The difference mod r is calculated, and the calculated modulo result is used as the p(u, v _j ); wherein mod is a modulo operation, and r is a preset value greater than 1.

6. method according to claim 5, wherein, described r is the prime number that is not less than 200.

7. The method according to claim 4, wherein:

The method further includes: the first client generates a homomorphic encryption key pair corresponding to the first client; the first client sends a public key in the homomorphic encryption key pair corresponding to the first client to a forwarding server; and the first client receives a public key corresponding to each other client among all the clients sent by the forwarding server;

Correspondingly, after the first client obtains each sub-mask s(u, v _{j ) generated by the first client and corresponding to each other client among all the clients, the method further includes: for each other client, the first client uses the public key corresponding to the j-th client to encrypt the sub-mask s(u, v j} ₎ corresponding to the j-th client, and then sends the encrypted s(u, v _j ) to the forwarding server;

Accordingly, the first client obtains each sub-mask s(v _j ,u) corresponding to the first client generated by each of the other clients, including:

The first client receives the encrypted sub-masks s(v _j ,u) corresponding to the first client and generated by each other client and sent by the forwarding server;

The first client uses the private key in the homomorphic encryption key pair corresponding to the first client to decrypt each encrypted sub-mask s(v _j , u) to obtain each sub-mask s(v _j , u).

8. The method according to claim 7, wherein the forwarding server comprises: the cloud server, or a third-party server independent of the cloud server.

9. A model training method based on federated machine learning, wherein at least two clients and at least one cloud server participate in the model training based on federated machine learning, the method being applied to the cloud server, comprising:

In each round of training, the cloud server sends the latest global model to each client participating in the model training based on federated machine learning;

The cloud server receives the encrypted global model gradients from each client;

The cloud server adds the received encrypted gradients of the global models to obtain the aggregated gradient.

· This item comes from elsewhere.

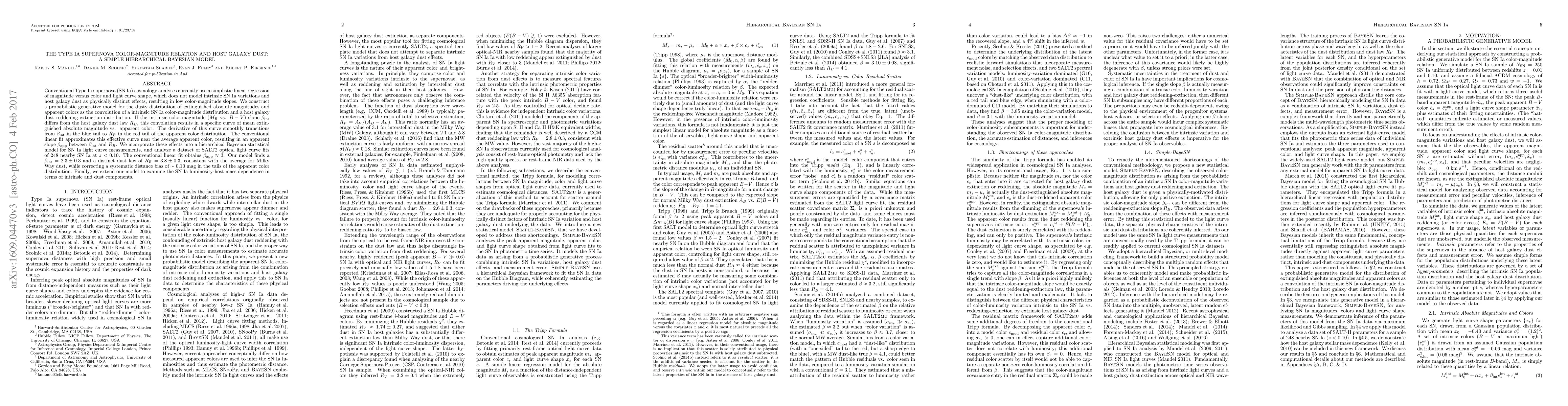 Conventional Type Ia supernova (SN Ia) cosmology analyses currently use a simplistic linear regression of magnitude versus color and light curve shape, which does not model intrinsic SN Ia variations and host galaxy dust as physically distinct effects, resulting in low color-magnitude slopes. We construct a probabilistic generative model for the dusty distribution of extinguished absolute magnitudes and apparent colors as the convolution of a intrinsic SN Ia color-magnitude distribution and a host galaxy dust reddening-extinction distribution. If the intrinsic color-magnitude ($M_B$ vs. $B-V$) slope $\beta_{int}$ differs from the host galaxy dust law $R_B$, this convolution results in a specific curve of mean extinguished absolute magnitude vs. apparent color. The derivative of this curve smoothly transitions from $\beta_{int}$ in the blue tail to $R_B$ in the red tail of the apparent color distribution. The conventional linear fit approximates this effective curve near the average apparent color, resulting in an apparent slope $\beta_{app}$ between $\beta_{int}$ and $R_B$. We incorporate these effects into a hierarchical Bayesian statistical model for SN Ia light curve measurements, and analyze a dataset of SALT2 optical light curve fits of 248 nearby SN Ia at z < 0.10. The conventional linear fit obtains $\beta_{app} \approx 3$. Our model finds a $\beta_{int} = 2.3 \pm 0.3$ and a distinct dust law of $R_B = 3.8 \pm 0.3$, consistent with the average for Milky Way dust, while correcting a systematic distance bias of $\sim 0.10$ mag in the tails of the apparent color distribution. Finally, we extend our model to examine the SN Ia luminosity-host mass dependence in terms of intrinsic and dust components.

The cloud server uses the aggregated gradients to update the global model;

The cloud server performs the next round of training until the global model converges.

10. A model training device based on federated machine learning, wherein at least two clients and at least one cloud server participate in model training based on federated machine learning, and the device is applied to any first client of the at least two clients, and the device comprises:

A global model acquisition module is configured to receive the global model sent by the cloud server in each round of training;

A gradient acquisition module is configured to use local private data to train the gradient of the global model in each round of training;

An encryption module is configured to encrypt the gradient obtained in each round of training, and then send the encrypted gradient to the cloud server;

Each module performs the next round of training until the global model converges.

11. A model training device based on federated machine learning, wherein at least two clients and at least one cloud server participate in model training based on federated machine learning, and the device is applied to a cloud server, and the device comprises:

The global model delivery module is configured to deliver the latest global model to each client participating in the model training based on federated machine learning in each round of training;

A gradient receiving module is configured to receive the encrypted gradient of the global model sent by each client in each round of training;

A gradient aggregation module is configured to add the received encrypted gradients of the global models in each round of training to obtain an aggregated gradient;

A global model update module, configured to update the global model using the aggregated gradients in each round of training;

12. A computing device comprising a memory and a processor, wherein the memory stores executable code, and when the processor executes the executable code, the method according to any one of claims 1 to 9 is implemented.